Didn’t they understand the strategy? Hitler’s wiliness?
He would want to cause as much damage as possible. Bomb the heart out of London.
Which was why it was important to live each day as if it might be your last.
And then, on 7 September, the Blitz began.
Black Saturday. Bomb after bomb dropped on a London that had been braced yet not ready, for how could you ever be ready for such wanton destruction?
Dockyards blazed, buildings burned and lives were snuffed out, just like that, with no rhyme or reason as to who was chosen.
Soldiers and police and firemen and air-raid wardens and nurses and ordinary members of the public dug deep to drag survivors from the wreckage, to tend to the wounded, to put out fires, to restore some kind of order.
Tight-lipped, bewildered, angry and determined not to be bowed, the city picked itself up, night after night.
And Stella carried on, working at the shop, turning up for her shift at the fire station.
Drawing, and her letters from Edwin, were her only escape.
And then the worst happened. A bomb fell on the butcher’s shop, killing both her parents.
Stella felt sick with guilt that she had hardly seen them since the war began.
The war had been a good excuse for not travelling to the East End, but she knew, in her heart of hearts, that she had avoided going home because she was so determined to build her new life, and she couldn’t bear their barbed comments.
They obviously thought she thought she was better than they were, which wasn’t the case at all, she was just …
different.

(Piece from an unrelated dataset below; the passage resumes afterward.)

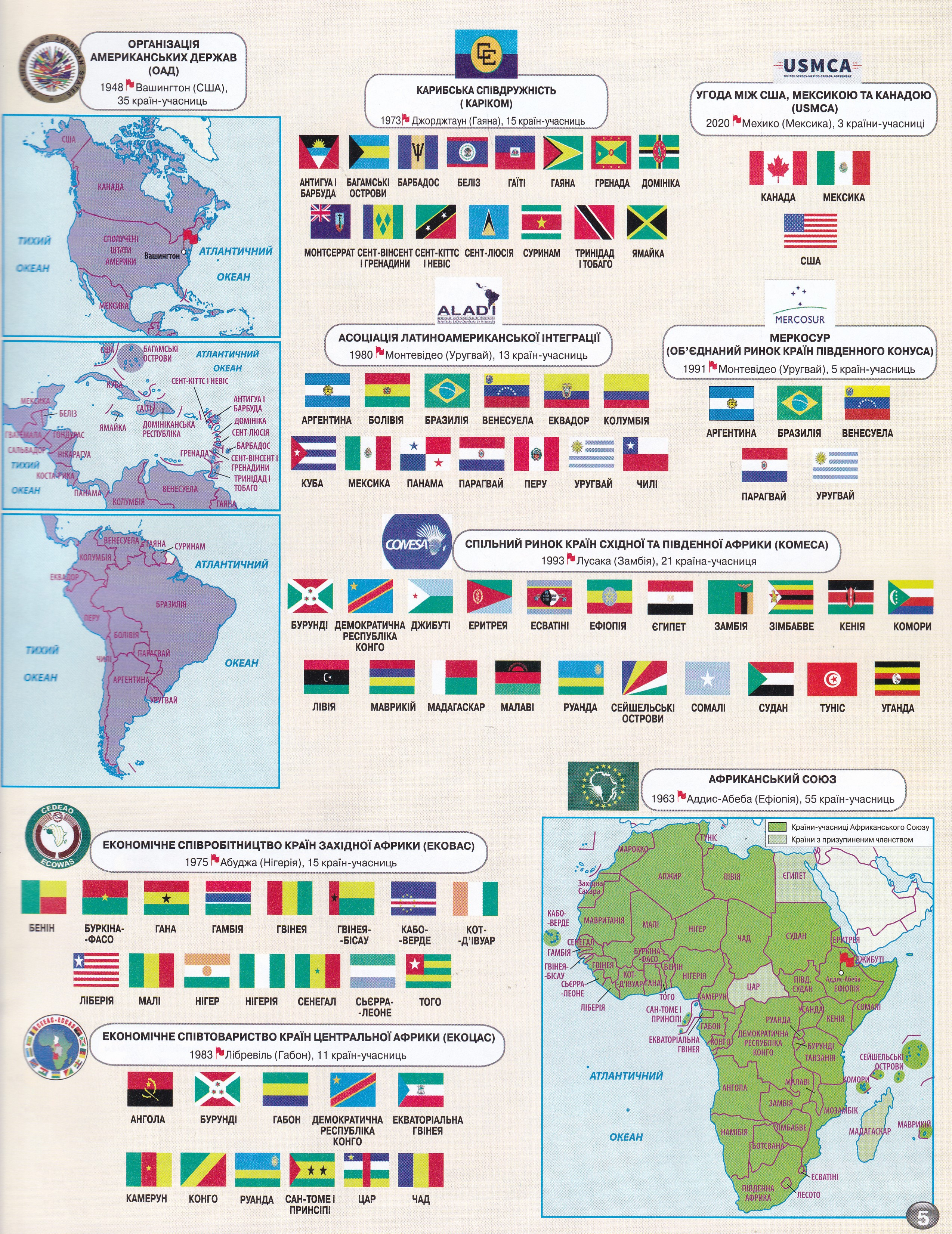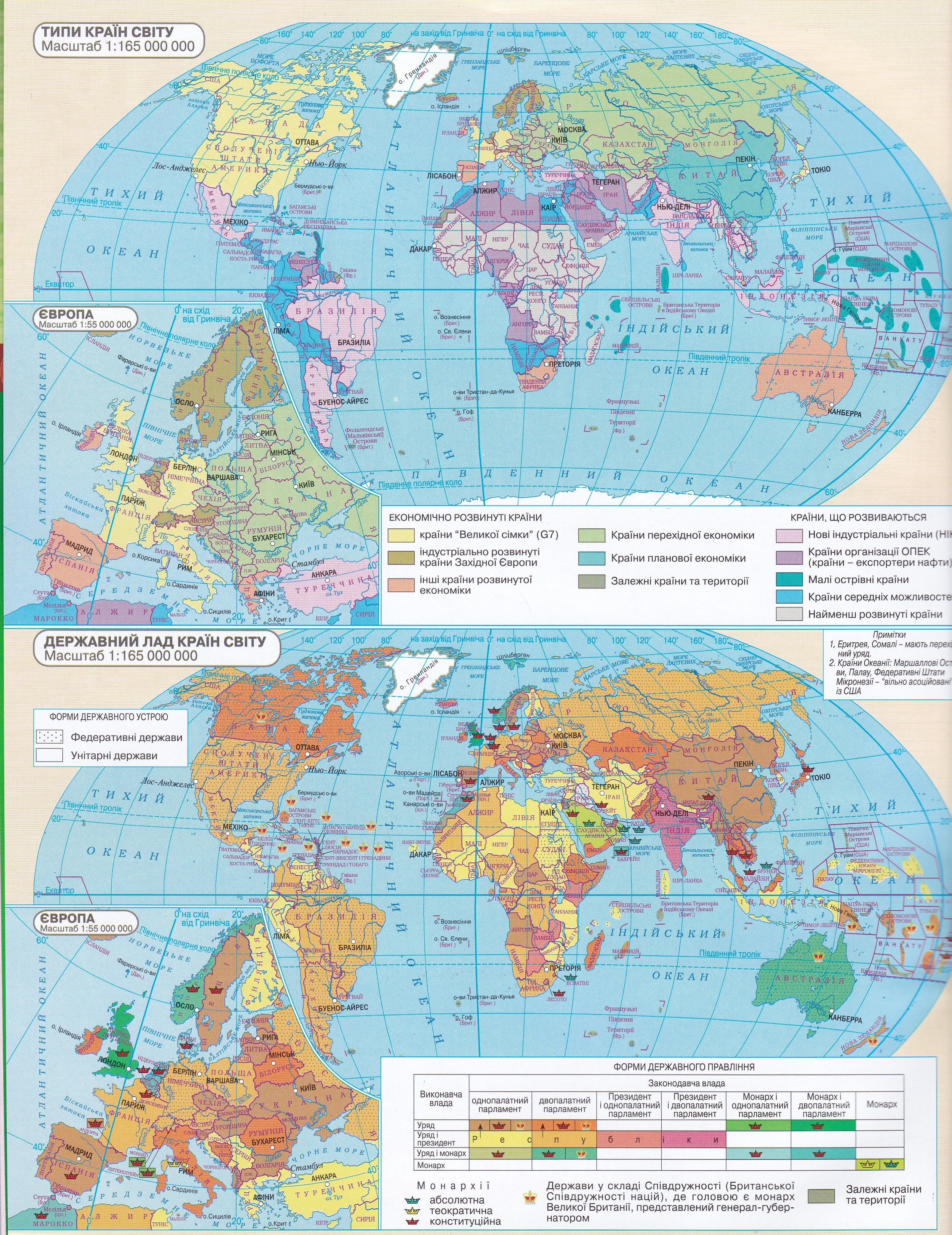 - Економічні карти регіону в цілому та карти окремих країн регіону.

The life she wanted was different.
And now they were gone, before she’d had a chance to prove herself and explain to them that all she’d wanted was a window into a new world, not necessarily a better one.
When Edwin came back on leave and heard the news, he didn’t hesitate to wrap her up in his arms, in the big black coat that smelled of him.
‘I’m so sorry,’ he said. ‘I’m so, so sorry.’
As Stella nestled into his chest, hot tears pouring down her cheeks, she never wanted him to let go.
Mr C surveyed them both gravely.
‘Listen, both of you,’ said Edwin. ‘I’ve got somewhere safe in Somerset you can escape to. I’d feel much happier knowing you can get away from the city if you need to.’
Mr C shook his head. ‘I am never leaving,’ he said. ‘They will not hound me out. London is my home.’
‘Mine too,’ said Stella.
‘At least come and look at it,’ Edwin pleaded with her. ‘Come for the weekend. I’ll be going to my parents. You can stay there for the night, see what you think.’
Stella looked uncertain. Mr C looked between the two of them.
‘And what would your fiancée say?’ he asked Edwin, protective of Stella to the end.
‘I’m certain she would understand,’ said Edwin, defiant. ‘That I can’t think of you both in danger without offering you somewhere to hide.’